▸ **THE DATA**:
■ ■ ■ ■ ■ ■ ■

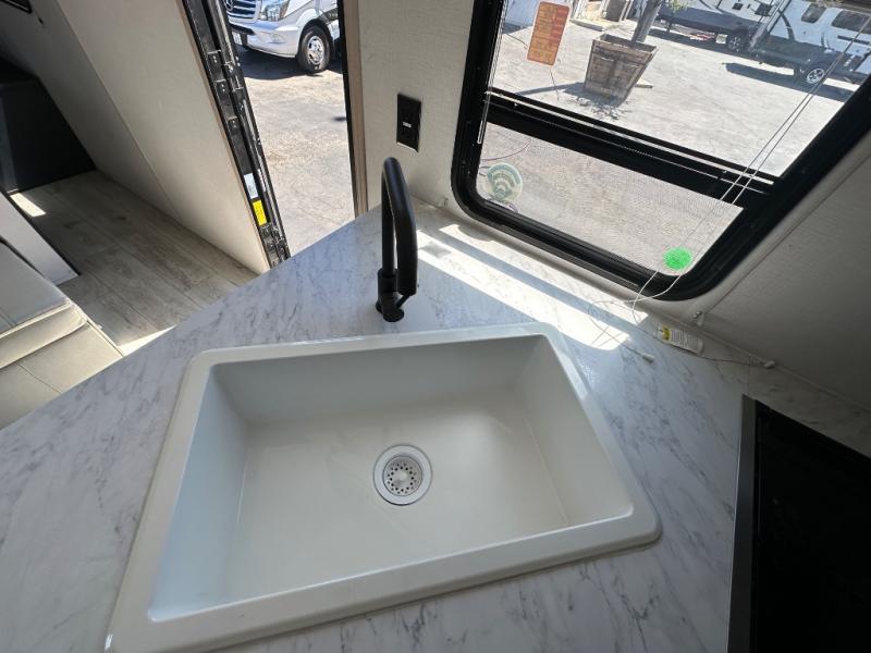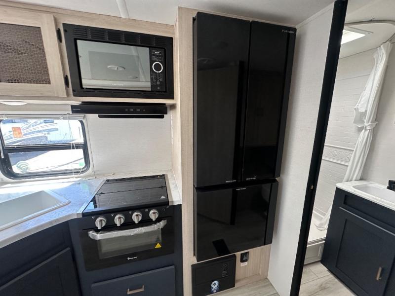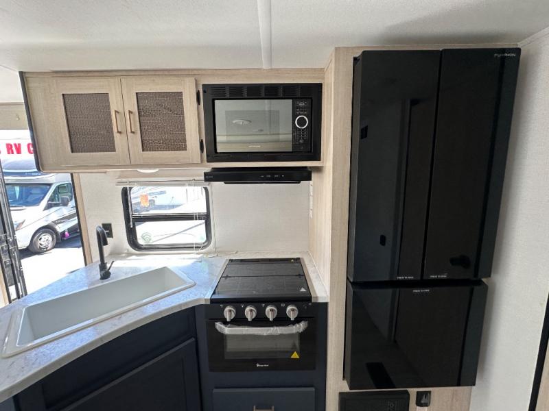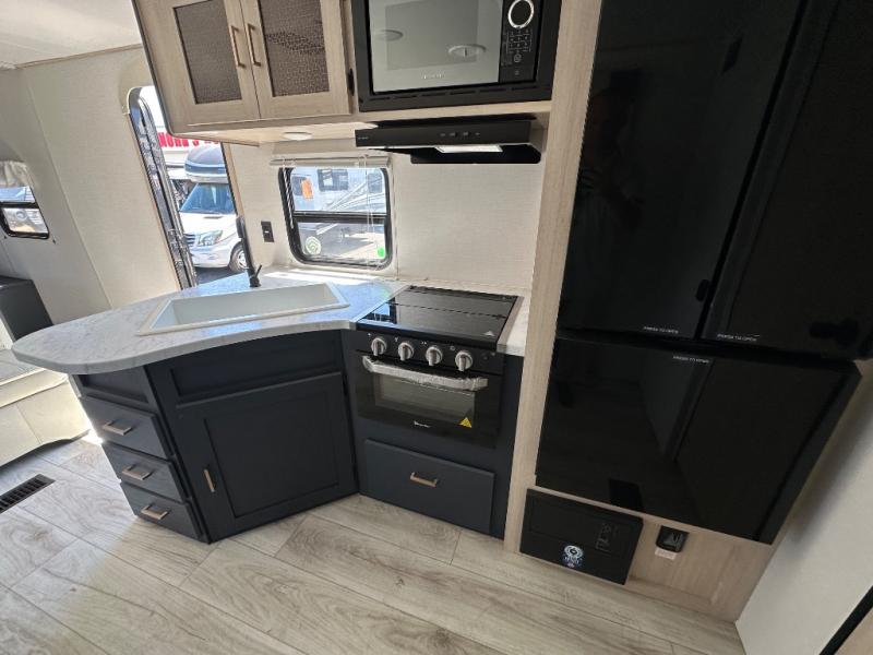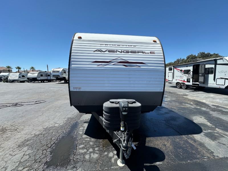 With any Avenger LE travel trailer by Prime Time RV you will enjoy at-home comforts while at the campground! Durable construction begins with an enclosed and heated underbelly, a one-piece roof membrane, and diamond plate front rock guard for added protection against debris during transport. There are also locking magnetic latches on the baggage doors, fully vented windows throughout, four stabilizer jacks, plus solar prep if you want the option to go off-grid. The interior will have you feeling right at home with residential extended ball bearing drawer glides, seamless Carefree Congoleum flooring, an XL single basin kitchen sink, and shower pans in all models that will make it easy to get in and out of the bath. Some of the convenient appliances and equipment you will appreciate are the 15,000 BTU A/C, 12V high-capacity water pump, Slim Profile range hood, and the Winegard 360+ antenna with Wi-Fi prep!
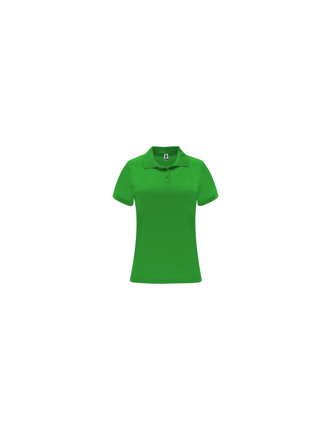 Polo técnico de manga corta para mujer. Cuello tricotosa con tapeta de tres botones. Corte entallado.
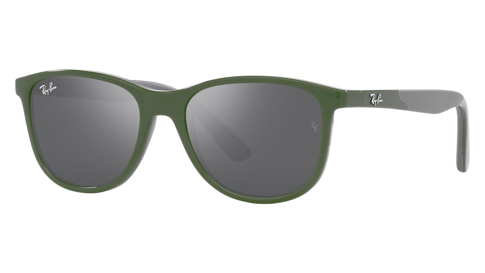 Occhiali da sole Ray-Ban Kids RJ9077S in iniettato codice colore 71356G verde su grigio. Forma quadrata unisex full rim con lenti argento / grigio. Con custodia originale e garanzia. Rivenditore autorizzato Ray-Ban.
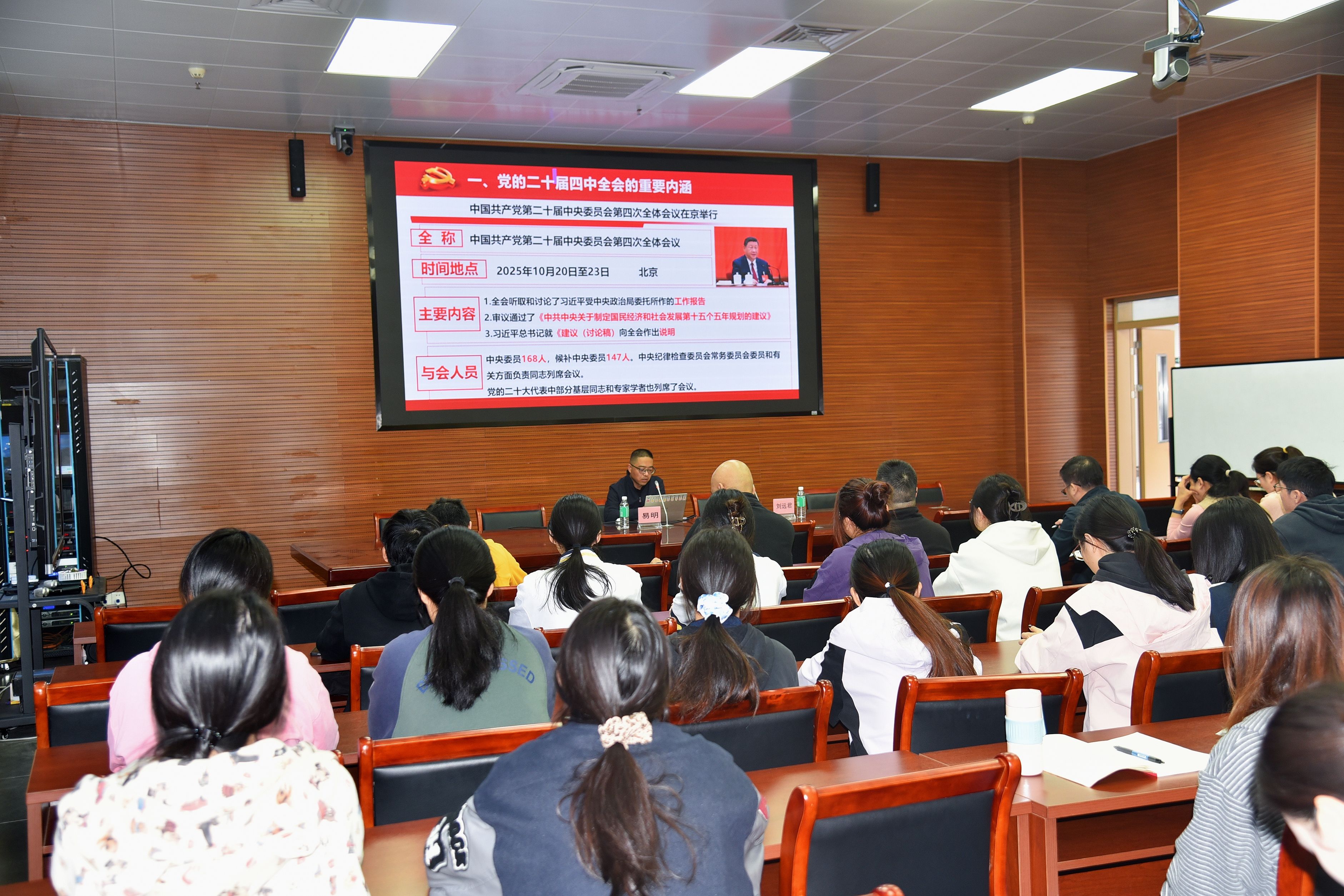 宣讲会以“学精神、明方向、促实干”为主题,易明通过系统梳理、案例结合、远景展望等方式,从五个维度展开深入解读:一是深刻阐述党的二十届四中全会召开的时代背景、重大议程与深远意义,强调全会围绕“以中国式现代化全面推进强国建设、民族复兴伟业”提出的明确要求;二是通过详实数据与生动实例,全面回顾“十四五”期间我国在经济发展、科技创新、民生改善等方面取得的历史性成就,增强发展信心;三是聚焦“十五五”规划编制的指导思想、战略目标与重点任务,深入解读“新质生产力培育”“共同富裕扎实推进”“绿色低碳转型”等关键部署,阐明规划实施的现实路径;四是系统展望“十五五”时期经济社会发展的宏伟蓝图,引导师生深刻领会国家中长期发展的战略导向;五是结合高校使命与公司实际,从“强化理论武装”“融入育人实践”“推动宣传阐释”三个方面,对如何将全会精神转化为推动工作的具体行动提出务实建议。

■ ■ ■ ■ ■ ■ ■

Exactly repeat the data above; the pictures do not belong in your copy.

▸ **YOUR RESPONSE**:
 With any Avenger LE travel trailer by Prime Time RV you will enjoy at-home comforts while at the campground! Durable construction begins with an enclosed and heated underbelly, a one-piece roof membrane, and diamond plate front rock guard for added protection against debris during transport. There are also locking magnetic latches on the baggage doors, fully vented windows throughout, four stabilizer jacks, plus solar prep if you want the option to go off-grid. The interior will have you feeling right at home with residential extended ball bearing drawer glides, seamless Carefree Congoleum flooring, an XL single basin kitchen sink, and shower pans in all models that will make it easy to get in and out of the bath. Some of the convenient appliances and equipment you will appreciate are the 15,000 BTU A/C, 12V high-capacity water pump, Slim Profile range hood, and the Winegard 360+ antenna with Wi-Fi prep!
 Polo técnico de manga corta para mujer. Cuello tricotosa con tapeta de tres botones. Corte entallado.
 Occhiali da sole Ray-Ban Kids RJ9077S in iniettato codice colore 71356G verde su grigio. Forma quadrata unisex full rim con lenti argento / grigio. Con custodia originale e garanzia. Rivenditore autorizzato Ray-Ban.
 宣讲会以“学精神、明方向、促实干”为主题,易明通过系统梳理、案例结合、远景展望等方式,从五个维度展开深入解读:一是深刻阐述党的二十届四中全会召开的时代背景、重大议程与深远意义,强调全会围绕“以中国式现代化全面推进强国建设、民族复兴伟业”提出的明确要求;二是通过详实数据与生动实例,全面回顾“十四五”期间我国在经济发展、科技创新、民生改善等方面取得的历史性成就,增强发展信心;三是聚焦“十五五”规划编制的指导思想、战略目标与重点任务,深入解读“新质生产力培育”“共同富裕扎实推进”“绿色低碳转型”等关键部署,阐明规划实施的现实路径;四是系统展望“十五五”时期经济社会发展的宏伟蓝图,引导师生深刻领会国家中长期发展的战略导向;五是结合高校使命与公司实际,从“强化理论武装”“融入育人实践”“推动宣传阐释”三个方面,对如何将全会精神转化为推动工作的具体行动提出务实建议。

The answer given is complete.